Handle With Care

Waking up this morning, I smile. Twenty-four brand new hours are before me. I vow to live fully in each moment and to look at all beings with eyes of compassion.”
~Thich Nhat Hanh

This past week I have had several reminders of how important it is to walk gently upon the Earth. Mostly I have had reminders about how important it is to speak gently and handle those I meet with tender care. The fact of the matter is that most of us get up every morning and head out into the world with little thought of those we might meet along the way. Speaking for myself, I know I have so many things on my own agenda that I rarely give a thought to the many things all the human beings I come into contact with may be carrying. It is a sad yet true statement.

But at least twice in the past several days I have been reminded that each of us wake up, plant our two feet on the ground if we are lucky, get dressed, brush our teeth and proceed out the door with our invisible bags jammed full of all that has happened to us. Yesterday. Last year. When we were children. In that last relationship. Before our kids were born. At the doctor’s office. When we were five years old, on the playground. No one else can see the wounds or the medals we wear from these past experiences. But they are there.

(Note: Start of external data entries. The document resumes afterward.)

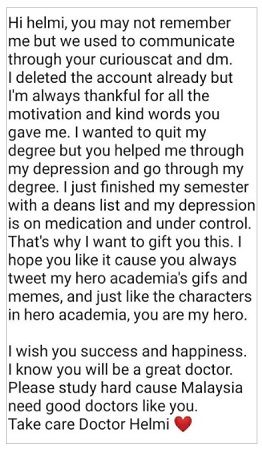 편지에서 여성은 "당신이 기억하는진 모르겠지만, 우린 예전에 트위터로 이야기를 나눈 적이 있다"라며 운을 뗐습니다. 이어 "내가 석사 과정을 포기하고 싶었을 때, 당신이 나의 고민을 들어주고 다정하게 격려해주었다"라며 "덕분에 나는 학업을 무사히 마쳤다. 당신은 나의 히어로다"라고 진심을 드러냈습니다.
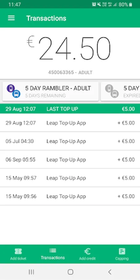 The Leap Top-Up app allows you to instantly check your balance, top-up your Leap Card and purchase tickets - directly from your NFC-enabled device.
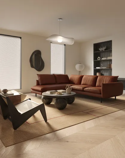 Isak Weitwinkelsofa links aus Kamelleder - 262x92x85
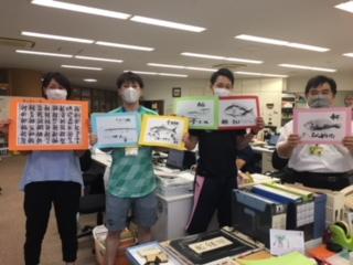 津幡町字津幡に在住の酒井知克さんから、魚偏の漢字をモチーフにした作品を数十枚寄贈していただきました。コロナ対策の中で頑張っている子どもたちや先生方に、作品を見て元気になってほしいと願われて寄贈してくださったそうです。絵の素晴らしさはもちろん、添えられたコメントから酒井さんのユーモアと温かさが伝わり、作品を見た職員からは、思わず笑みがこぼれていました。たくさんの素敵な作品をありがとうございました。大切に使わせていただきます。
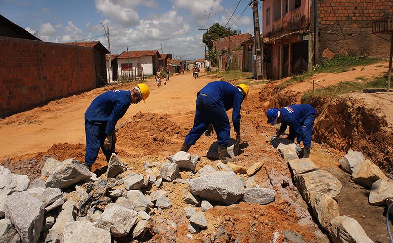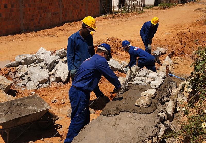 Na manha desta terça-feira, 25, a fase a obra teve continuidade com a consolidação de implantação de equipamentos que consolidarão a urbanização, como a construção de muros e alicerces que servirão como bases para as demais fases que serão executadas. Dentro do calendário, os serviços continuam e em breve avançaram nas demais ruas do bairro.
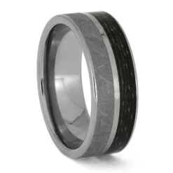 Meteorite & Fishing Line Wedding Band In Titanium
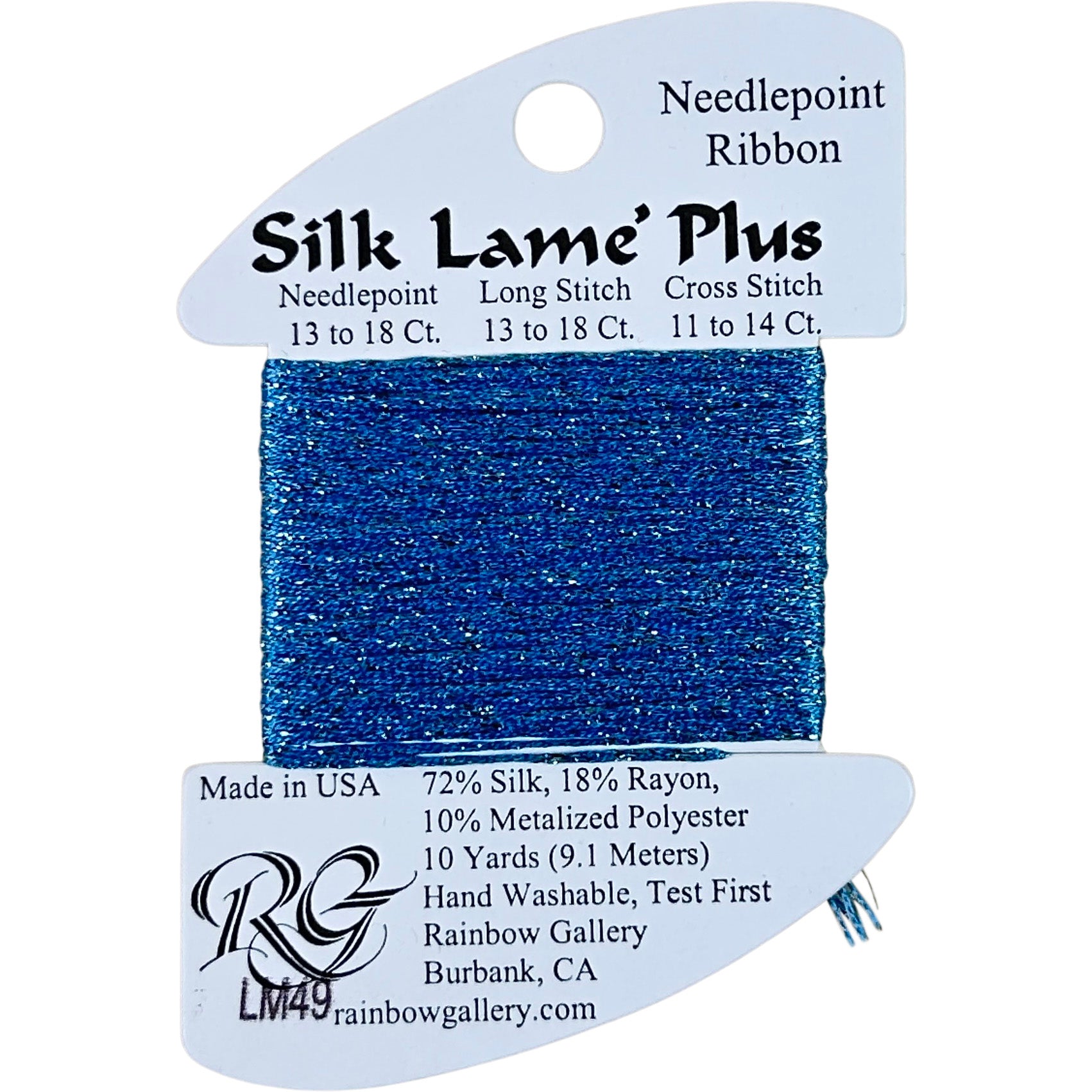 This is Silk Lame Plus from Rainbow Gallery in color 49 China Blue. Use as-is on 13 or 18 mesh. Comparable to Neon Rays Plus, but made with silk instead of rayon.

I was reminded this week that many people walk out into what will become their day with wounds that have never healed, never even been offered an antibiotic ointment or colorful band aid. They may be sitting on the bus or in traffic next to us, listening to music or talk radio, trying to just get through the next few minutes. Tears may be just below the surface or packed so deep in a well that if the water began to flow, it would create a flood of biblical proportions. Their fears might be riding on the surface of their dry, chapped skin or buried in the pit of a stomach that never stops churning.

The point is, we just don’t know. Right now the young man who sits across from me in a coffee shop, his black stocking cap pulled down over his ears, his puffy coat zipped tightly around his neck, could be carrying pain I would find unimaginable. The older gentleman I often see dressed in white painter’s pants grabbing a cup of coffee before he begins his work day may be suffering in ways that are certainly invisible. I just don’t know.

Of course at some level we do know because each of us have also made our way into a day, a week, a year, when sorrow or pain or sadness too deep for words has been the cape we wore. We have wondered how no one seemed to be able to see. We hoped that no one would bump into us with an bony elbow or a sharp word that would cause the carefully constructed armor we had tied on to break and fall to the ground, exposing all the frayed nerves of our weary, wounded soul.

I don’t know which side of this equation you are on right now. I do know that I am deeply grateful for the experiences that have humbled me and reminded me to be careful, very careful with my words and how I speak them. The gift of living this life, a life connected to all the many people we meet every day, demands that we handle one another with care, tender, tender care. Because we just don’t know what they have packed in their bags.

And so my promise to myself and to those that walk this path with me is that I will hope to walk gently, speak kindly and keep my heart open to all I cannot know. About that person. And that person. And that person.

So many people. So many unknown stories.